Regionaler Nahverkehr: Deutschlandticket wird teurer
2026 steigt erneut der Preis für das Deutschlandticket. Wer mit dem D-Ticket den öffentlichen Nah- und Regionalverkehr nutzen möchte, der zahlt ab dem 1. Januar 63 Euro im Monat. Die Entscheidung trafen die Verkehrsminister von Bund und Ländern gemeinsam.
Kunden des Abotickets wurden bereits im vergangenen Jahr über die Änderung informiert. Diese mussten der Preisanpassung ihres Abos zustimmen. Damit wurden die Kosten für das D-Ticket bereits zum zweiten Jahr in Folge erhöht. Das Ticket wurde 2023 eingeführt und kostete damals 49 Euro im Monat. Laut Aussagen der Bundesregierung nutzen ungefähr 14 Millionen Menschen in der gesamten Bundesrepublik das Deutschlandticket.
Mehr Fernverbindungen, auch ins Ausland: Neuer Fahrplan der Deutschen Bahn für Bayern
Für das neue Jahr hat die Deutsche Bahn (DB) einige neue Verbindungen in Bayern angekündigt. Die Bahn baut damit ihr Fernverkehrsnetz im Freistaat aus. Beispielsweise fahren künftig täglich 16 ICE von München nach Berlin.
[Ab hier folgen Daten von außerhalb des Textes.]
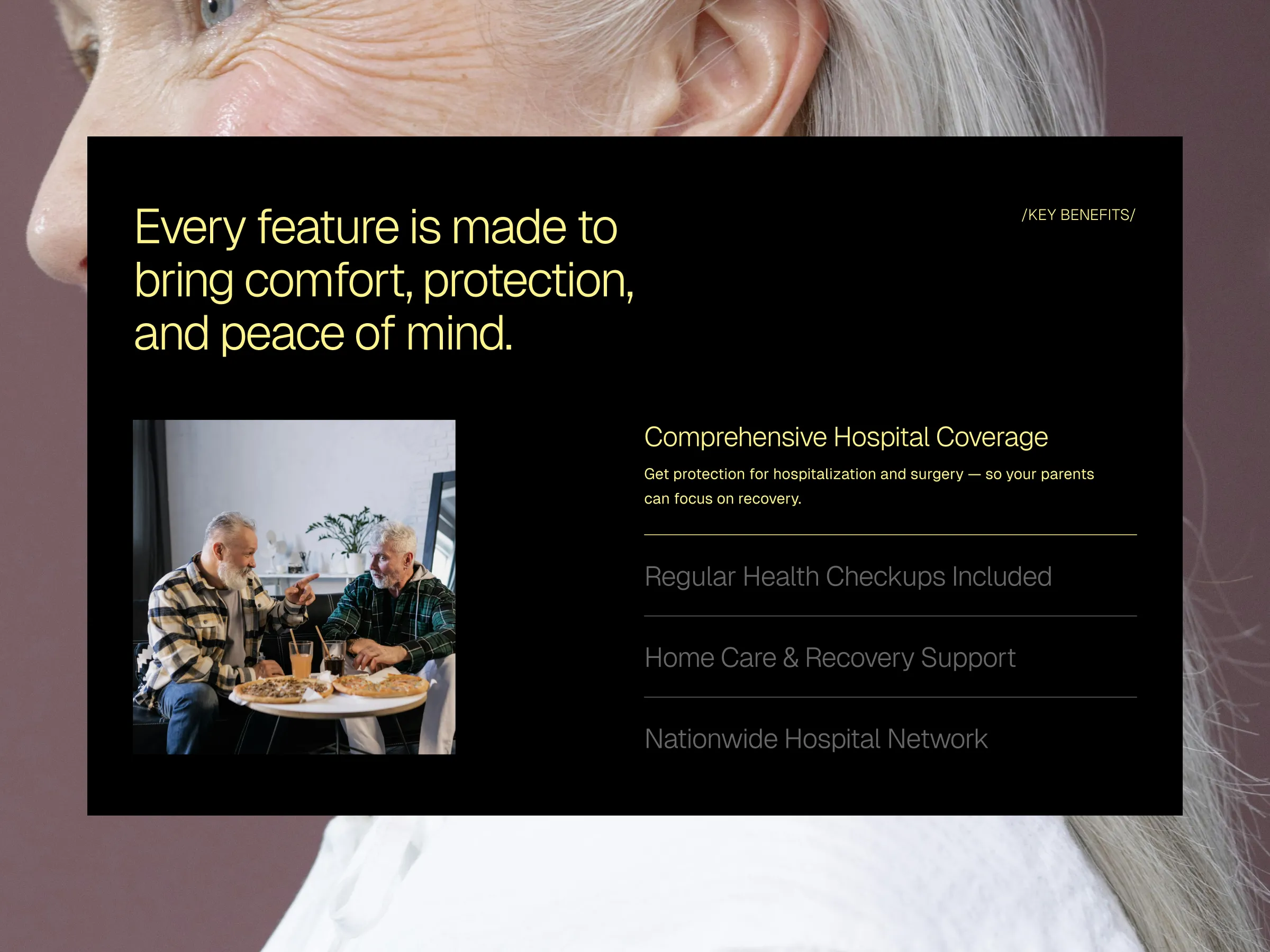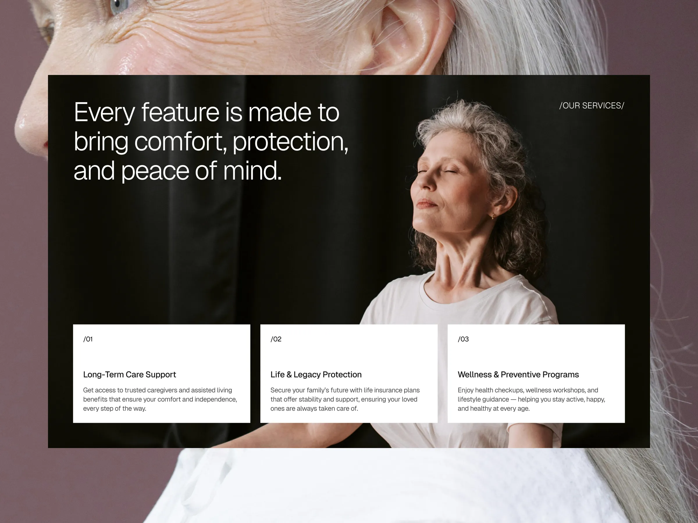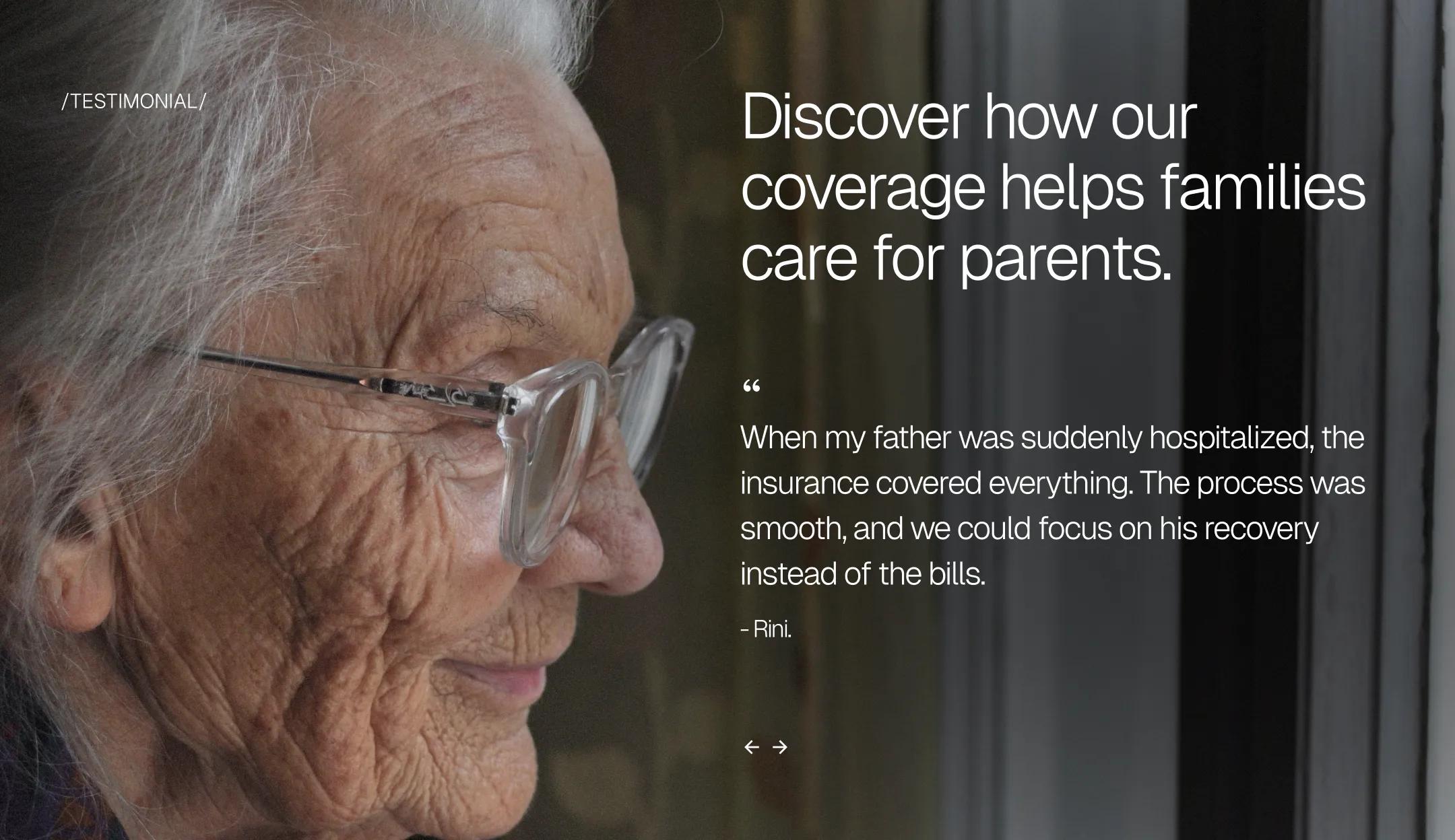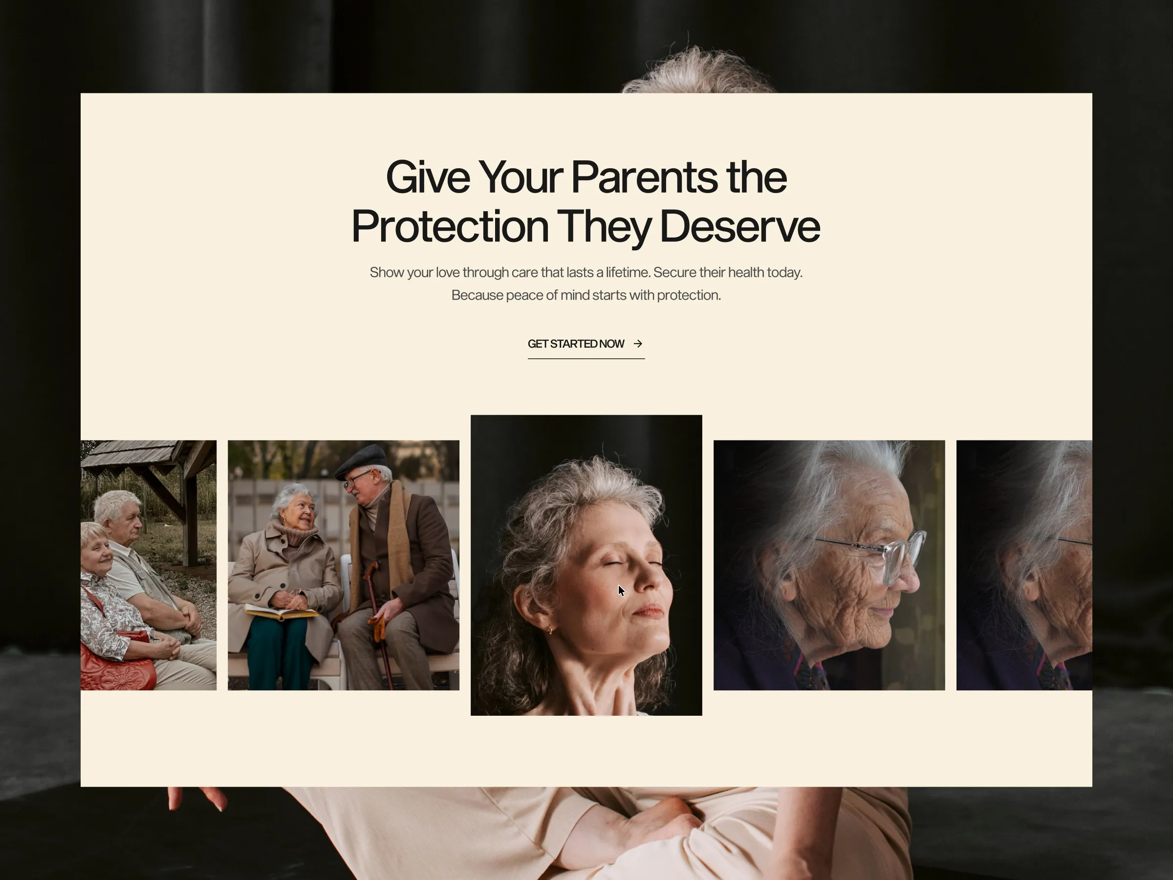A calm, trustworthy landing page concept focused on peace of mind, clarity, and care for aging parents—so families can worry less and love more.

Außerdem hat die Bahn ihrem Fahrplan auch einige Auslandsziele hinzugefügt. Aus der bayerischen Hauptstadt geht es 2026 mit dem Zug direkt in die europäischen Hauptstädte Ljubljana in Slowenien und Zagreb in Kroatien. Eine Übersicht zu allen Änderungen im neuen Fahrplan für Bayern finden Sie hier.
Onlineverträge: Widerrufbutton wird bei Online-Anbietern Pflicht
Eine Änderung für Verbraucherinnen und Verbraucher in Bayern soll am 19. Juni kommen. Wer online einen Vertrag abgeschlossen hat, soll diesen künftig auch online widerrufen können – ganz einfach per Mausklick. Das Gesetz verpflichtet Online-Anbieter dazu, einen solchen Button auf ihren Seiten einzubauen. Damit setzt Deutschland eine Richtlinie der Europäischen Union um.
Von der neuen Pflicht sind künftig Verträge in Bezug auf Waren, Dienstleistungen und Finanzdienstleistungen eingeschlossen. Die Bundesministerin der Justiz und für Verbraucherschutz, Stefanie Hubig (SPD), lobte das Gesetz, als es im vergangenen September beschlossen wurde. Es erhöhe den Verbraucherschutz und sei eine unbürokratische Lösung, so die Ministerin in einer Pressemitteilung des Ministeriums.
Bayern: Kommunalwahlen im März
Am 8. März finden in Bayern Kommunalwahlen statt. Dabei werden rund 40.000 Mandate neu gewählt. In Bayern geht es dann darum, wer erster Bürgermeister oder Oberbürgermeisterin wird und wie sich der neue Gemeinde- beziehungsweise Stadtrat zusammensetzt.
Die Kommunalwahl gilt als Stimmungstest für die bayerische Staatsregierung. Seit 2023 regiert eine Koalition aus CSU und den Freien Wählern den Freistaat Bayern. Zuletzt sank die Zufriedenheit mit der Arbeit der bayerischen Koalition.